With universal spay/neutering, kindhearted souls could continue to feed their colonies, Loncar said.

“Over a period of time, these cats will die natural deaths,” she said.

 

Keep It Going

Stitt sees PennyFix as a Mothers Against Drunk Driving moment for the animal welfare community. MADD’s founders saw a problem and had enough.

“They formed something,” she said. “They did something.”

PennyFix is gaining traction. Two board members attended the global 2019 Petfood Forum, making contacts at the industry’s biggest event. Catster magazine is running a story. More organizations are getting $1,000 grants.

If one pet food manufacturer among the big four (Mars, Colgate-Palmolive, Procter and Gamble and Nestlé) joins in, the others will follow. That, at least, is the hope.

PennyFix is about getting ahead of the problem, assuring that animals aren’t born in difficult conditions, not to mention among rampant abuse, said Loncar. PennyFix in full gear would be “an amazing effort to stop overpopulation.”

“Every volunteer organization that is in TNR, we’re all in need of money to continue what we’re doing,” she said. “If something like PennyFix is there, it means we can spay and neuter more cats and make ourselves available to more people.”

At age 67, Stitt sees a problem that has grown worse since she cleaned shelter cages as a teen.
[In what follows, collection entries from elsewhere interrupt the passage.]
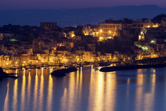 ナポリの夜景の見どころと言えば、橙黄色の灯りでしょう。「スパッカナポリ」と呼ばれる一直線の通りを中心とした旧市街地が、間接照明のようなやわらかな灯りに包まれます。ナポリ湾に目を向けると、ヨットが停泊するおだやかな水面が淡い光に揺らめきます。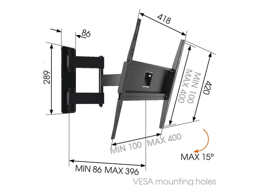 - univerzální uchycení VESA 100x100 až 400x400 mm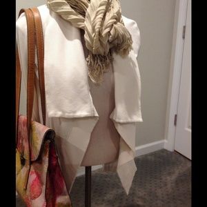 The super comfortable cardigan is made out of a sweatshirt type, material drapes in the front. beautiful cream color wear with anything!! no stains or pilling. Worn once.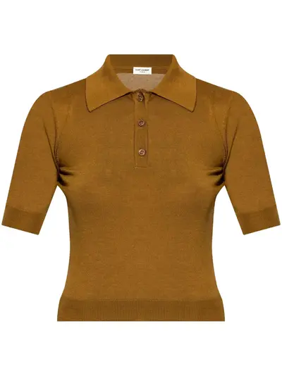 brown wool-cashmere blend fine knit polo collar front button placket short sleeves ribbed edge straight hem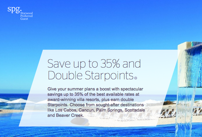 Double Starpoints and up to 35% off stays at Starwood resort locations in the U.S. and Mexico. Full details and online booking. Book by Jul 12 for stays until Dec 20, 18
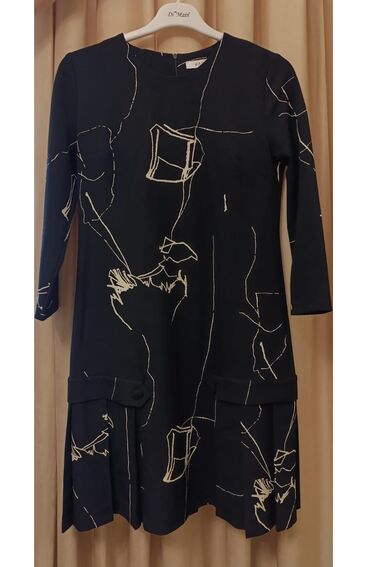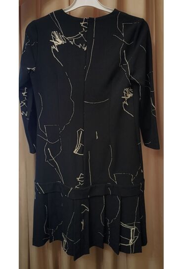 Qara rəngdə, modern abstrakt naxışlı qadın donu.

“Every animal we helped along the way was important, but in the scheme of things, we’re not touching what’s out there,” she said.

She admits to her group being “five women who don’t know too much about this.” Then again, she once told her minister, Noah didn’t know how to build an ark.

To which her minister replied, “If Plan A didn’t work, there are 25 more letters. Keep it going.”